刀匠有足够守护他人的力量和温柔,天照命拥有一颗仁爱博爱的光明磊落之心。
刀什么都没有。
刀忘记了作为刀的自己存活的意义。所以它模仿这两个人存活的意义而活着。
…刀啊,从最初的最初就忘记了,它是作为他的人类最可靠的同伴而活的。
……
这是奇迹。
……
无限城的顶部被愈史郎控制着鸣女开启,鬼舞辻无惨从抵抗到试图逃走,也仅仅是一瞬间。
天边泛起白芒,封闭空间内的时间似乎终于又开始流动了,柱们强撑起疲惫的身体,不顾一切地冲向鬼物。鬼舞辻无惨逃窜上墙壁,这是决断的时机,只要被任何一位剑士拦截,他就再也无法逃离可怖的阳光。
鬼舞辻无惨又一次仰起那看不出人型的头,看着带着“那把刀”的剑士高高跃起,举刀斩下。他清楚看见“那把刀”裂纹遍布,破烂得好像再磕一下就会碎裂一样。

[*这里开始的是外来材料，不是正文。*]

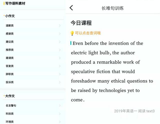 备考时间充足的同学一定要试试扇贝阅读,我自己每天会在扇贝阅读看两篇英文短文,把自己阅读档案设置成为研究生,每天首页会推荐英文短文(分为高中-四级-考研等难度)短文都在200-500词左右,基本上涵盖当下热点、生活、文娱各个方面,阅读一篇时长大概5-10分钟。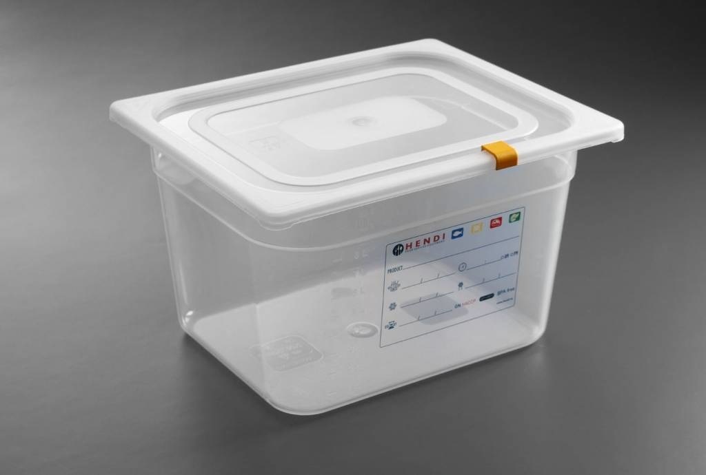 - Couvercles et clips de couvercle (vert, jaune, bleu, rouge selon les normes HACCP) compris.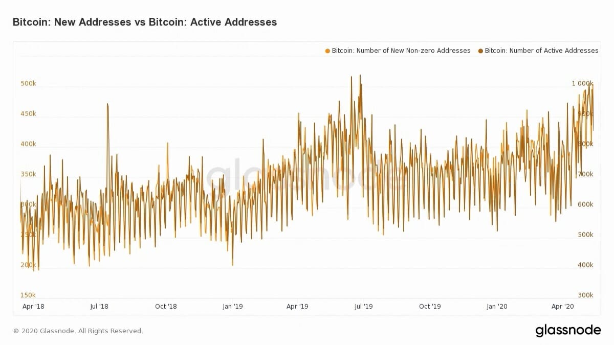 Pareille quantité n’avait plus été vue depuis juin 2019, et seul le plus fort de la bulle spéculative de fin 2017 où Bitcoin avait brièvement touché les 20 000 $ – avait vu plus d’adresses BTC actives. Le record à battre est à 1,28 millions d’adresses actives (vu le 14 décembre 2017). Le verra-t-on dépassé suite au halving ?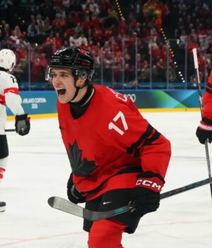 Jogando ao lado de dois dos maiores artilheiros da NHL, Celebrini marcou um gol e uma assistência na sexta-feira, na vitória do Canadá. Uma vitória por 5-1 Filip Kurashev, atacante da Suíça e dos Sharks, na Arena de Hóquei no Gelo Milano Santa Giulia.

无惨从来不会用自己的生命去赌任何事情,可这次,他注定迎来这个选择的机会。
他赌“那把刀”会在再一次斩下他的头颅时碎裂。他赌“那把刀”无法拦截他的行动。
锖兔也做出了等价的赌约。
他赌他的刀会让他完好无损,他赌他的刀绝对、绝对不会在此时折断。
是熔铁般的炽热,撕裂脊骨的感觉,也是日光灼烧灵魂般的痛苦。
鬼舞辻无惨的视线再一次脱离了顶端,他咒骂着,无力地怒吼着,甚至痛哭流涕地恳求着。
柱将他剩下的身体切成了碎片。
喷礴着金色光辉的红日跃出地平线,飞灰之下,所有人的眼中都满盈了一轮红日的光辉。
猗窝座毫不畏惧的摊开双臂,像是要将红日拥抱进怀中一样,扬起半张不断掉灰的脸。恋雪在化作飞灰前,轻吻了他的半脸。
他们最后还是回到了一起。
无限城在崩解,愈史郎也该同珠世一起离去。
名为鬼的生物,从此刻起,将永远的消失殆尽。
柱们出神地看着天,完全不在意这光有多么刺眼。
他们赢了。
锖兔这时倒像个符合年龄的少年了,他笑起来,却实在累极再也抬不起手去抹掉一直冒出的眼泪,他转头寻找灰发剑士的身影,又哭又笑地喊道:
“谣降里……!”
他没有管蝴蝶忍说了什么,也没有管其他的柱的表情的动作。
他看着他们的嘴开合,听不进一句话,也看不清一个人。
他只是重复了一遍。
“谣降里…我们赢了!”
又一遍。
不会再有人类因鬼而死了,不会再有那么多悲剧发生了。
肺抽痛着,心脏似乎也是抽痛着的。他捕捉到义勇焦急的神情,想回给他一个笑容,却让眼前更模糊了。
不用担心我的,我没有事啊,为什么不去看看另一个伤员呢,他比我更需要照看吧?……别这样…请看看他啊。
眼前坠入了空寂的暗色。
……
在斩下鬼舞辻无惨头颅后。
刀碎了。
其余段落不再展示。